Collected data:
──────
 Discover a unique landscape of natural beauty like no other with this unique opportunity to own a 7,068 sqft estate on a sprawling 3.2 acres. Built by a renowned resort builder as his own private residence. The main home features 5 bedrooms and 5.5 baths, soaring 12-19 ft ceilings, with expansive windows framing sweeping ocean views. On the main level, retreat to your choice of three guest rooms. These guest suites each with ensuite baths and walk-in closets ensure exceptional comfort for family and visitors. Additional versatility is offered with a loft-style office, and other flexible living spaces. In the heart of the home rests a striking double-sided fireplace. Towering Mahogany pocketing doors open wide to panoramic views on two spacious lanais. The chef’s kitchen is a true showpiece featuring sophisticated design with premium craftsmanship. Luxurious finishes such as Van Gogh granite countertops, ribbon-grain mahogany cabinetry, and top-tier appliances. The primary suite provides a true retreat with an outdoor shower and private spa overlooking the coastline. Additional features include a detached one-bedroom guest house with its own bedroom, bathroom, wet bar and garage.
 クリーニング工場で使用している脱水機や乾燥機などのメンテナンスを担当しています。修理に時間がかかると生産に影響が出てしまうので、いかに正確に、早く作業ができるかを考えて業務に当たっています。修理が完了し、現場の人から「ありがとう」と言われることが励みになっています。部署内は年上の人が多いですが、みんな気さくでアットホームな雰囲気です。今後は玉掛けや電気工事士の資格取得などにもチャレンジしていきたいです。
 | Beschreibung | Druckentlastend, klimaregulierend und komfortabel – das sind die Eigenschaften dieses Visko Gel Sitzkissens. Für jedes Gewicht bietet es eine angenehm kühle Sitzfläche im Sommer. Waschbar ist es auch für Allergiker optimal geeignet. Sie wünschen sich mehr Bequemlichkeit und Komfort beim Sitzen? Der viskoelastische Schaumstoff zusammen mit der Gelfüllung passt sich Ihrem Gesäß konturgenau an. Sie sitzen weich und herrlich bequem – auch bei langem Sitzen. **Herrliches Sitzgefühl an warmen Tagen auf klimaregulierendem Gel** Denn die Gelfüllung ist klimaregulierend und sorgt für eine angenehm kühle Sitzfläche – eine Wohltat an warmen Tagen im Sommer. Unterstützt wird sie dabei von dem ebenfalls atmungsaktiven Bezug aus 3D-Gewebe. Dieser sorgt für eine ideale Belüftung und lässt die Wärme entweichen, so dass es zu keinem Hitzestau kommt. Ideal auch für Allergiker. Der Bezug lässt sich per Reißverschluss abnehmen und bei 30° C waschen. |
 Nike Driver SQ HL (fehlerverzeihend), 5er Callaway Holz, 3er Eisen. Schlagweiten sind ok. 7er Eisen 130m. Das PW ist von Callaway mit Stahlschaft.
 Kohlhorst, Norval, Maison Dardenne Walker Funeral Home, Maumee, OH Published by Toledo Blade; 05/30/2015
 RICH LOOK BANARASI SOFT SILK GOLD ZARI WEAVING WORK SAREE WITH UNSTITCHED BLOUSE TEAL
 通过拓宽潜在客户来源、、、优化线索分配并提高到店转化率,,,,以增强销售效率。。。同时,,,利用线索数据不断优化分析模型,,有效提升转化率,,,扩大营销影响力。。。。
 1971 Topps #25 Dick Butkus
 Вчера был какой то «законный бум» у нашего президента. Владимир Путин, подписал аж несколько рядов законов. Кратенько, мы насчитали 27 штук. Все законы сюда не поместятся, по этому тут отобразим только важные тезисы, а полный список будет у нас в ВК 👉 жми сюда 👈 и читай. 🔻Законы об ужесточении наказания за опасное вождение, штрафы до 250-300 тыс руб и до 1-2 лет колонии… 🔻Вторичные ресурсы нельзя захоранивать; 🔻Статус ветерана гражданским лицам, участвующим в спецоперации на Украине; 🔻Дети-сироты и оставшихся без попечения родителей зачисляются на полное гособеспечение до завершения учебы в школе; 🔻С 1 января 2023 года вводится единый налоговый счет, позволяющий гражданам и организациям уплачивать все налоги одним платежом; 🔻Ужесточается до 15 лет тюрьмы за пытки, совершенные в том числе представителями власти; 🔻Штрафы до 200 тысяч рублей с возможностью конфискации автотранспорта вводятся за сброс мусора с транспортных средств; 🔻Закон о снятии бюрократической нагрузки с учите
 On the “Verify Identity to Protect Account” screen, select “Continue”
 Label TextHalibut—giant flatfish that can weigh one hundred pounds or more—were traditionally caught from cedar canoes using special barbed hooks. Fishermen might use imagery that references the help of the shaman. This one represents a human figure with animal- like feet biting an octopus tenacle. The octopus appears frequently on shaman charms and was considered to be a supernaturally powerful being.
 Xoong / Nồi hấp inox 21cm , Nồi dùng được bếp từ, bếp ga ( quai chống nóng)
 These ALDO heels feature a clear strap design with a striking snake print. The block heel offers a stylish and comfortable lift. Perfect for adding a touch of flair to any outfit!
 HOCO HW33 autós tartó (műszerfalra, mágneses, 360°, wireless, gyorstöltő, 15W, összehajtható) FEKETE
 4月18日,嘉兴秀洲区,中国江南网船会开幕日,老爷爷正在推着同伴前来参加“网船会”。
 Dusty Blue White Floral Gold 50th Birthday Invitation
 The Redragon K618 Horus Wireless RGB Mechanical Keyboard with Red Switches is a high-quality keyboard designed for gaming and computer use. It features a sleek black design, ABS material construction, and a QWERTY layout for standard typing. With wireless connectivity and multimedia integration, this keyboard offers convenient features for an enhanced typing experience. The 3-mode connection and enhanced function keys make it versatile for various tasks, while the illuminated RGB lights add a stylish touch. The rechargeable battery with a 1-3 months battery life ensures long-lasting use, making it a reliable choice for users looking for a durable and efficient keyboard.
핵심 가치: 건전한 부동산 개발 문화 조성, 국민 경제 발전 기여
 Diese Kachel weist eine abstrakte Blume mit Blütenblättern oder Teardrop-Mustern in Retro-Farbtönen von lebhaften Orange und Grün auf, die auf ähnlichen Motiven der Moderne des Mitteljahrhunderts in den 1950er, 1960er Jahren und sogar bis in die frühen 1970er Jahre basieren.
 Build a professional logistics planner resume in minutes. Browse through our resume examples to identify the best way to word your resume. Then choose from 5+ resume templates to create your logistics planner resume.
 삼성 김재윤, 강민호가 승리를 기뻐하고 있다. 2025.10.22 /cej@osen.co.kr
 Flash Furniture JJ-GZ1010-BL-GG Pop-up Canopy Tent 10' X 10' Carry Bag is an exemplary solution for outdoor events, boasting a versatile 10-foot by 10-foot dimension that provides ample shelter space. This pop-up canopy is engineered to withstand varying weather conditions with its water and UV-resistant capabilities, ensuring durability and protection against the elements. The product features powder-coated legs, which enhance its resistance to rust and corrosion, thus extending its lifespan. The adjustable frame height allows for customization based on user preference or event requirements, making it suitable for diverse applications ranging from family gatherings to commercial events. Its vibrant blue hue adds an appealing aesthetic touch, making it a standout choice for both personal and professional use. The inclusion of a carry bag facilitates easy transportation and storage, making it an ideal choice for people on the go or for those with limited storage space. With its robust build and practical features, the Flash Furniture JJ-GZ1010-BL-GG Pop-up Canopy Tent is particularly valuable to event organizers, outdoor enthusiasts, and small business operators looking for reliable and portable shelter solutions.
──────
> [BRIEF]:
Among the lines above, please find those with "wireless" and copy them.

> [ANSWER TO THE EXERCISE]:
 HOCO HW33 autós tartó (műszerfalra, mágneses, 360°, wireless, gyorstöltő, 15W, összehajtható) FEKETE
 The Redragon K618 Horus Wireless RGB Mechanical Keyboard with Red Switches is a high-quality keyboard designed for gaming and computer use. It features a sleek black design, ABS material construction, and a QWERTY layout for standard typing. With wireless connectivity and multimedia integration, this keyboard offers convenient features for an enhanced typing experience. The 3-mode connection and enhanced function keys make it versatile for various tasks, while the illuminated RGB lights add a stylish touch. The rechargeable battery with a 1-3 months battery life ensures long-lasting use, making it a reliable choice for users looking for a durable and efficient keyboard.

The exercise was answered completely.